Donald E. Keyhoe (1897-1988)

Aviator, Government Worker, Author, Investigator, Ufologist
Born June 20, 1897, Ottumwa, Iowa
Died November 29, 1988, New Market, Virginia

Donald Edward Keyhoe was born on June 20, 1897, in Ottumwa, Iowa, and attended the U.S. Naval Academy. Keyhoe graduated in 1920 and was commissioned in the U.S. Marine Corps. He learned to fly airplanes and balloons but was injured in a plane crash in Guam in 1922. During his convalescence, he took up writing as a hobby. It's for his writing that he is known today.

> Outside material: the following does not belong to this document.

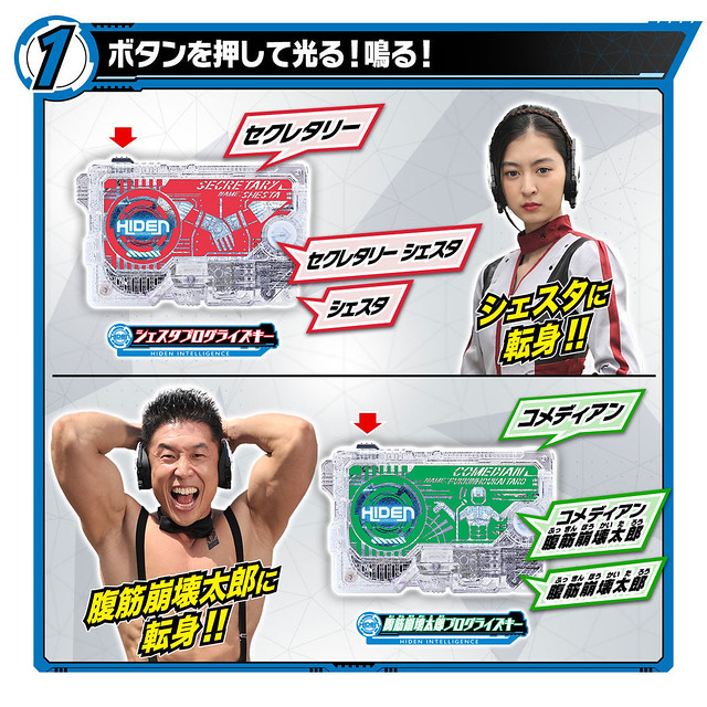 這次推出的「DX Humagear Progrisekey 套組」收錄寄宿了《假面騎士01》前期四名 HUMAGEAR 角色的數據鑰匙(PROGRISEKEY),分別為秘書型AI輔助 HUMAGEAR「謝絲塔(成田愛純飾)」、搞笑藝人型 HUMAGEAR「腹筋崩壊太郎(中山肌肉君飾)」、警備員型 HUMAGEAR「守(吉田悟郎飾)」、壽司職人型 HUMAGEAR「一貫握郎(内野謙太飾)」。

Keyhoe's injury forced him to leave the military in 1923, whereupon he went to work for the National Geodetic Survey and the U.S. Department of Commerce. He kept his hand in aviation, though, by managing a national tour by Charles Lindbergh. He later served stateside in the U.S. military and afterwards test flew airplanes. Keyhoe's first book was Flying With Lindbergh (1928). He also wrote for pulp magazines, including Weird Tales, Dr. Yen Sin, and Flying Aces, for which he created two fictional aviators with super powers, Captain Philip Strange and flying ace Richard Knight. Keyhoe's other magazine clients included The American MagazineCosmopolitanThe Nation, Reader's DigestThe Saturday Evening Post, and True. Keyhoe returned to active duty during World War II and retired as a major.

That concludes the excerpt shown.